In a survey of 645 consumer packaged goods (CPG) stakeholders conducted for the report, many participants said they foresee a significant increase in using PCR content within their packaging within the next decade.
This interest in PCR aligns with increased state mandates for recycled content in voluntary goals signed by numerous companies, such as the Ellen MacArthur Foundation Global Commitment, to increase recycled content in packaging.
While access to and use of recycled content varies by material, a previous study by AMERIPEN examined corporate goals for PCR content in plastic packaging against available supply and capacity.
The study found that demand for PCR content far exceeded the available supply for almost all plastic resins. It also demonstrated that, in some cases, the U.S. lacks sufficient infrastructure capacity to meet potential demand.
For PET specifically, current PCR content usage (0.5 billion pounds) is about a quarter of the demand per goals and commitments (2.0 billion pounds).
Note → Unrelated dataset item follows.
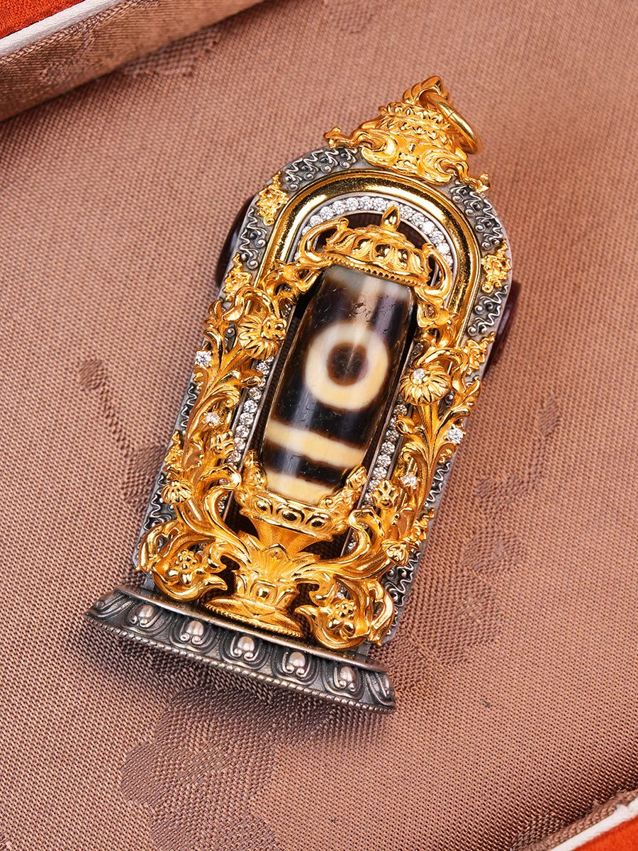 Empowering Support Single-Eyed Mountain Dzi Silver Pendant Great Lotus

Current production capacity for post-consumer recycled PET also lags behind goals, at about 1.3 billion pounds.
This indicates that the U.S. packaging and recycling industries must consider the investment needed to match industry demand for PCR content within packaging.
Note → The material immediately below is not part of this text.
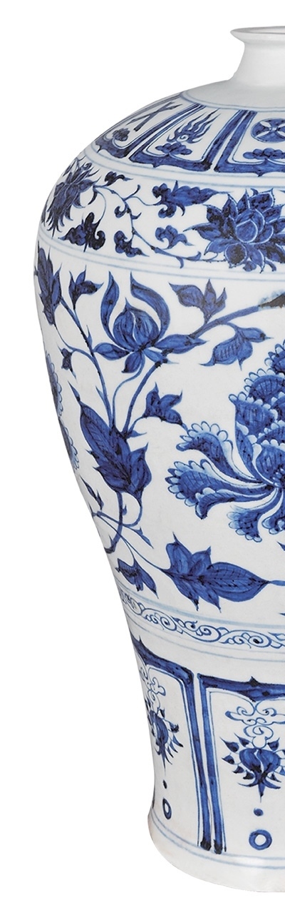 不妨想象:工匠先在坯胎上用青花料繪畫,再施以透明釉,最后在高溫下一次燒成。奇妙的藍色紋樣隨即浮現(xiàn),色澤鮮麗,有金屬光澤。

Quality Control in PCR Content
Higher quality and regulatory requirements mean that the use of PCR content for food packaging can be more restrictive than using PCR content from packaging in other applications.
Quality of materials is one of the biggest challenges for packaging grade PCR content. Contamination from food, scents, and co-mingling of materials can limit the reuse of certain materials, rendering it difficult to produce a smooth paperboard, a resin free of scent, or to meet color qualifications.
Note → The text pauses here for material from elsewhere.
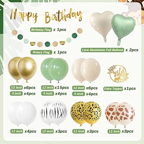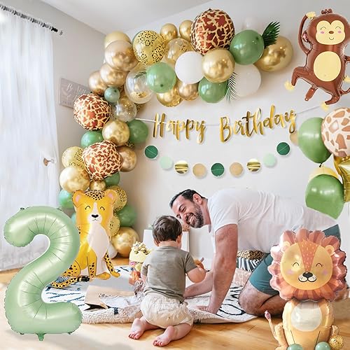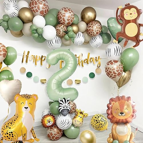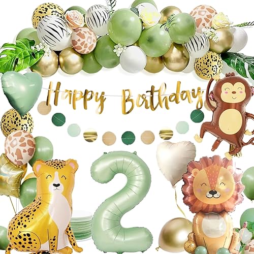 Décoration 2e anniversaire garçon fille - Décoration d'anniversaire 2 ans - Ballon vert safari - 2e anniversaire - Jungle - Décoration d'anniversaire 2 ans pour 2 ans - Garçon et fille

Demand and supply pressure may remain tight until the packaging and recycling industries can resolve quality challenges.
Recycling Infrastructure Solutions
Finding ways to better sort materials so that different materials are directed to the correct end market is valuable. Flexible films may be inadvertently directed to paper lines, while multi-material cartons may be sorted with rigid plastics.
Investments such as optical sorters, robotic arms, and air jets are becoming priority investments for new MRFs. However, there’s still a need to help finance upgrades to older facilities.
Chemical recycling is an emerging technology that could help reduce color or scent concerns in plastic resins.
Reverting materials to their original monomers could also simplify the regulatory process to obtain FDA-approved food contact resins for use in food contact packaging—currently a challenge for many packaging producers due to a limited number of approved facilities.
Design for recycling guidelines has emerged within the packaging industry to help ensure that labels, additives, and chemicals used in packaging are beneficial to recycling and do not hinder a package’s recyclability.
These strategies, when adopted, help reduce the risk of contamination from packaging designs. Companies are making investments to change suppliers or products to ensure recyclability.